Ramaphosa held his nerve and calmly, politely, explained to Trump that South Africa, as a multiparty democracy, allows conflicting voices. He allowed that the country has problems of violent crime but that it is not concentrated on the 7 per cent of the population who are white. (PBS reported on Wednesday the statistic that white farmers, who own over 50 per cent of the land, account for less than 1 per cent of the 27,000 annual murders in South Africa).
Ramaphosa introduced his agriculture minister, John Steenhuisen, who is white and who is a member of an opposition party. The minister respectfully told president Trump that, indeed, South Africa needed to 'start making farm attacks and stock theft a priority crime'.
'And it affects all farmers – particularly stock theft has a disproportionate effect on small elder black farmers.'
Patiently it was explained that Julius Malema, the Economic Freedom Fighter leader leading the anti-Boer chant, had been expelled from the ANC over a decade ago.
'The reason we chose to join hands was to keep those people out of power,' Steenhuisen said.
'We can't have those people sitting in the union buildings making decisions. That is why after 30 years of us exchanging barbs across the floor, we have decided to join hands. Need support of allies around the world. Shut the door forever on that rabble.'
Ernie Els spoke and gave a succinct if ambivalent account of the difficult years of the post-apartheid transition and of what Nelson Mandela represented. Goosen followed with an account of the difficulties his parents, who are white and farmers, had faced, including home attacks.
Trump listened gravely to this more nuanced version of South Africa's history as told by those living, breathing and shaping it. He brooded. He may have been thinking about his – America's – blingy new jet plane from Qatar, which the Pentagon officially accepted on Wednesday.

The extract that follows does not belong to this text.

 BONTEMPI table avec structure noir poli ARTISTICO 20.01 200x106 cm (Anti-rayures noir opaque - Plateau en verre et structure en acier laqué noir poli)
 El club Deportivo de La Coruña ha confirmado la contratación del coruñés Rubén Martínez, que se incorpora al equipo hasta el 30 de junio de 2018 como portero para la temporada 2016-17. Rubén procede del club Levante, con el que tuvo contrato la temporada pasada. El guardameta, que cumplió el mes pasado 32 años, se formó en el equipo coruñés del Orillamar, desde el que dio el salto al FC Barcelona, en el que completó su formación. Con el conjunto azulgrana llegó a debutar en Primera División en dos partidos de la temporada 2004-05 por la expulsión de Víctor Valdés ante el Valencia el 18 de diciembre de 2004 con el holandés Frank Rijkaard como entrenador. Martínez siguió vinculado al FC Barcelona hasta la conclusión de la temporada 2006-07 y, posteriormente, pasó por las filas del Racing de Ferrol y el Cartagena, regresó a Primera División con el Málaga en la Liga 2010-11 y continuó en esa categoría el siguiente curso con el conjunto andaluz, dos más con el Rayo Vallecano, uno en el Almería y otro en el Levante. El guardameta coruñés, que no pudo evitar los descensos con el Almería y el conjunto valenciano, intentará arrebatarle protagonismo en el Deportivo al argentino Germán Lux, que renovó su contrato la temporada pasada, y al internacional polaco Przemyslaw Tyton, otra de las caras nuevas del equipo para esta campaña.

To the president's obvious exasperation, some US media seemed more interested in asking him about that acquisition than discussing the evidence of murders and persecution he had just exposed. At one point, he turned to Ramaphosa to lament the state of the US fake news media who just want to talk about 'jets'.
'I am sorry I don't have a plane to give you,' Ramaphosa said.

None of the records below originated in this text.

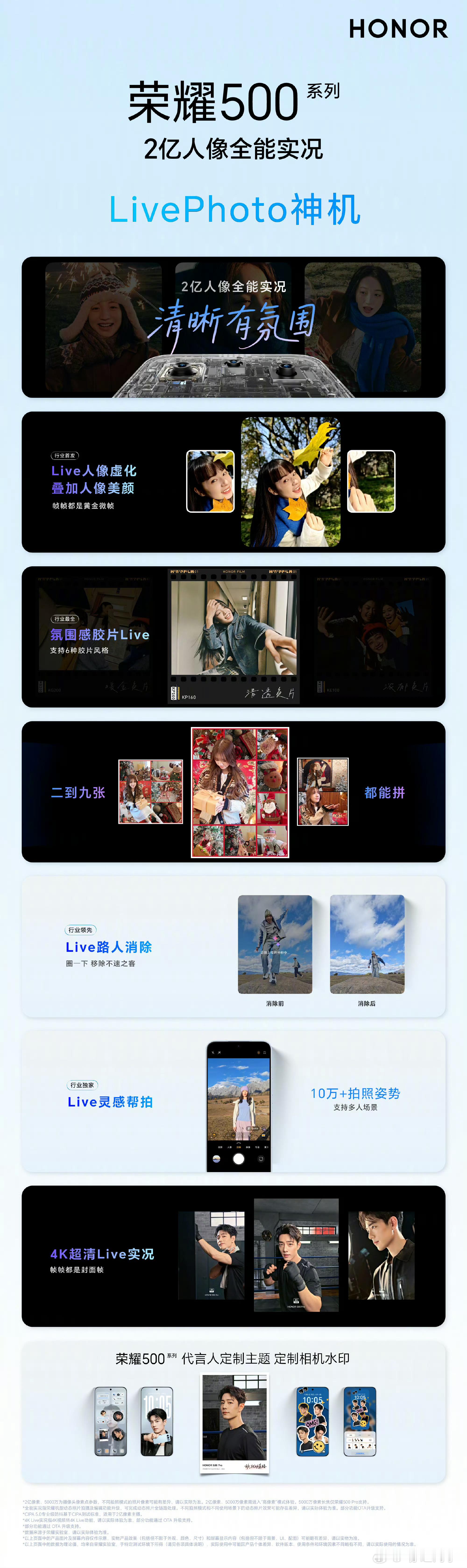 荣耀500系列刚刚正式发布,这波升级可以说是“刀法精准,全系越级”!新系列最大的亮点就是全系搭载骁龙8系旗舰芯片,标准版用上骁龙8s Gen4,Pro版更是一步到位上了骁龙8至尊版,性能直接拉满。影像系统是另一个重头戏,主摄全系标配2亿像素大底传感器,Pro版还额外拥有一颗5000万像素的潜望式长焦镜头,支持3倍光学变焦,并且带来了行业唯一的前后置Live人像美颜与虚化、以及非常实用的Live路人消除等创新功能。续航方面更是夸张,全系内置了8000mAh的青海湖电池,彻底告别电量焦虑。此外,Pro版还独家配备了湿手也能秒解锁的3D超声波指纹,并且支持顶配的IP68/IP69/IP69K防护等级,实用性直接拉满。总的来说,荣耀500系列在性能、影像、续航和细节体验上都做到了“超级标准”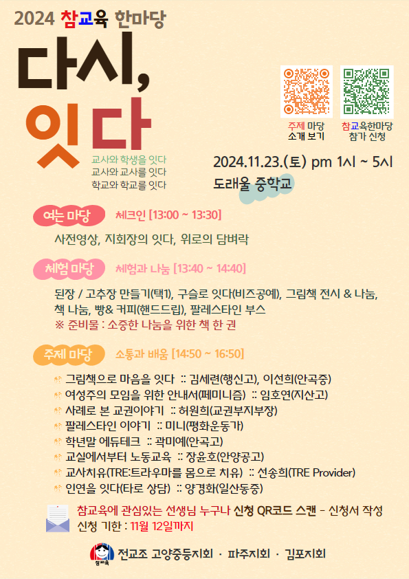‘그림책으로 마음을 잇다’(김세련/해인고, 이선희/안곡중), ‘여성주의 모임을 위한 안내서’(임호연/지산고), ‘사례로 본 교권이야기’(허원희/교권부지부장), ‘팔레스타인 이야기’(미니/평화운동가), ‘학년말 에듀테크’(곽미예/안곡고), ‘교실에서부터 노동교육’(장윤호/안양공고), ‘교사치유(TRE 트라우마를 몸으로 치유)’(선송희), ‘인연을 잇다’(양경화/일산동중) 등의 소통과 배움 행사가 진행될 예정이다.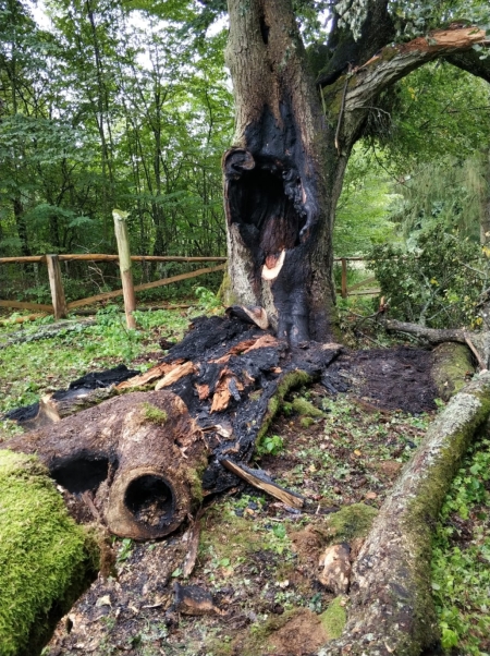 Zgłoszenie o kolejnym pożarze strażacy otrzymali około godz. 9.00. Wynikało z niego, że na terenie leśnictwa Galwica pali się drzewo. Jak się okazało, była to będąca pomnikiem przyrody 200-letnia lipa o obwodzie 2 metrów i wysokości 20 metrów. Pożar ugaszono, ale drzewo bardzo poważnie ucierpiało. Jak poinformowało Nadleśnictwo Szczytno, będące pomnikami przyrody od 1984 r. lipy bartne zostały już mocno uszkodzone podczas wichury w grudniu 1999 r. W 2001 r. poddano je zabiegom konserwatorskim. Zniszczona przez wtorkowy pożar lipa pozostanie w naturze do naturalnego rozkładu.

'I wish you did, said the president of the United States. 'I'd take it.'
The occasion once again demonstrated Trump's contempt for the politesse of statecraft. It was a blatant piece of theatre designed to thrill the Maga heartland.
But Ramaphosa is a veteran of the formative days of a country of which Trump knows nothing. Mandela was his mentor. The visitor remained unflappable. He kept his counsel on South Africa's vociferous pro-Palestinian stance, declining to elaborate on his views on the genocidal conditions there.

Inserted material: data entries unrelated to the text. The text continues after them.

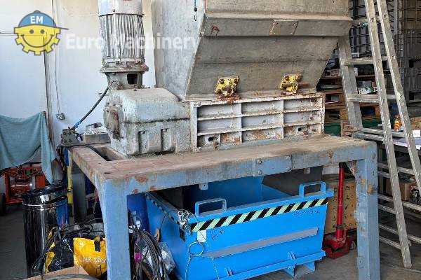 Satrind F1015 Zweiwellenzerkleinerer, der u.a. Kunststoffe, Holz, Papier und Karton, Leichtmetall, Industrie- und Elektronikabfälle verarbeiten kann. Industrielle Zerkleinerungsmaschine mit zwei Wellen, die große Materialien vor dem Recycling in kleinere Stücke zerkleinert. Marke & Modell: SATRINDF1015 – (15 HP) Typ:- Rotierende Schere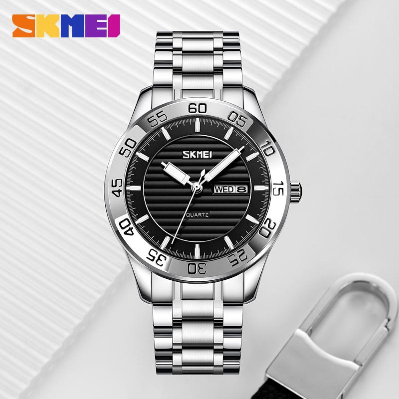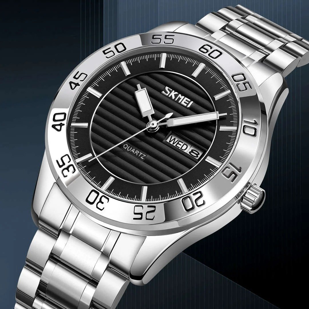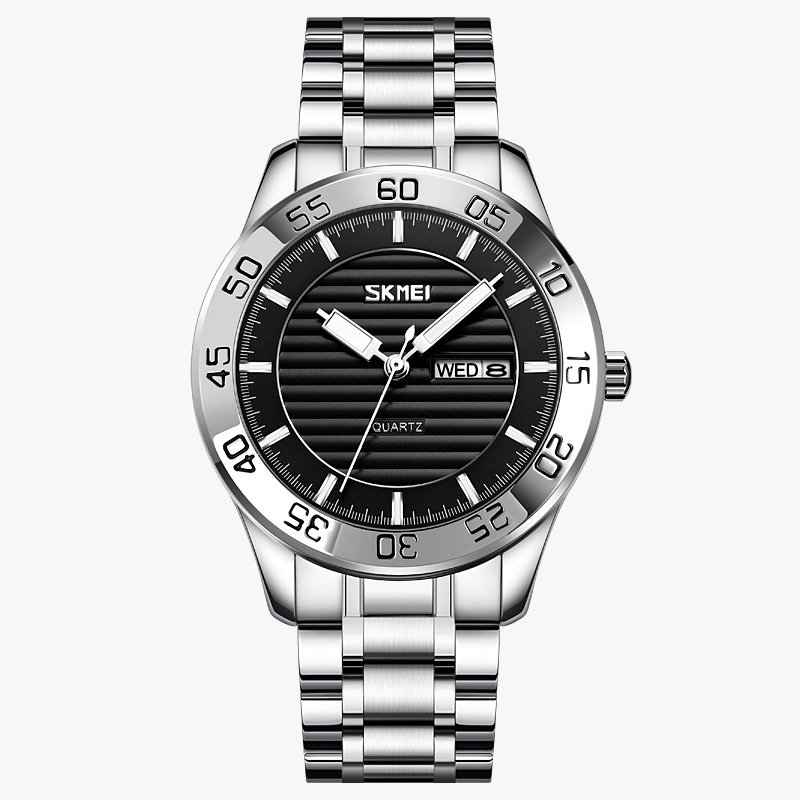 Skmei – 9293 – Premium Steel Quartz Performance Watch – silver black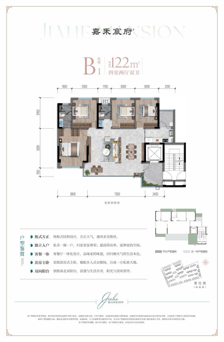 建面约122平套四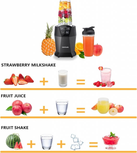 Extreme Motor: Rated 1000 Watts smoothie blender for shakes, 1200-Peak-Watts motor power crushes the hardest ingredients and ice into snow in seconds. You can make frozen drinks, smoothies, sauces, and more with our personal blender.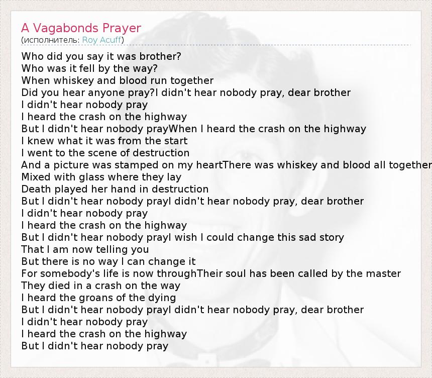 А как ты думаешь, о чем песня "A Vagabonds Prayer" ?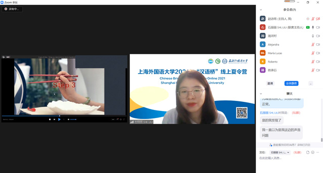 北京时间2021年8月10日至8月15日,上海外国语大学2021年“中西文明交流互鉴”线上夏令营组织了第一周的三次线上直播中文课程,来自西班牙共计六十余名学员参与。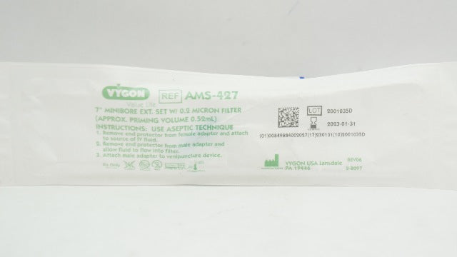 - Vygon AMS-427 7Inch Minibore Ext. Set W/0.2 Micron Filter, Prim. Vol.0.52mL(x)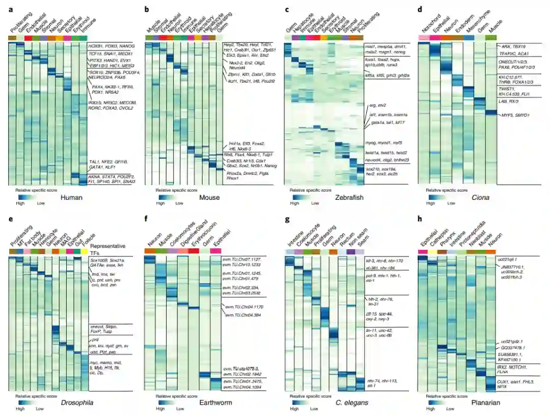 为了评估脊椎动物和无脊椎动物在调控水平上的调控保守性和细胞类型差异,作者计算了每个物种的TF特异性得分(图3a-h)。总的来说,作者在八个物种中共鉴定出2342个细胞谱系特异性TF。基于八个物种间同源基因的转换,可以观察到同源TF中更多保守特征。同源TF分别覆盖了人类、小鼠和斑马鱼所有细胞类型特异性TF的91.42%(70个中的64个)、98.75%(80个中的79个)和75%(104个中的78个)。总之,作者的研究为保守遗传调控基因的跨物种筛选提供了保守遗传调控的详细信息。

And the presence of two fading golf stars brought to the White House a version of golf diplomacy. Ramaphosa left the weighty golf book behind and promised Trump he has been practising his game and joked that he is ready to play a round – maybe at the G20 summit in Johannesburg in November. Had he been in the Oval Office, Gary Player could but admire his countryman's coolness under pressure.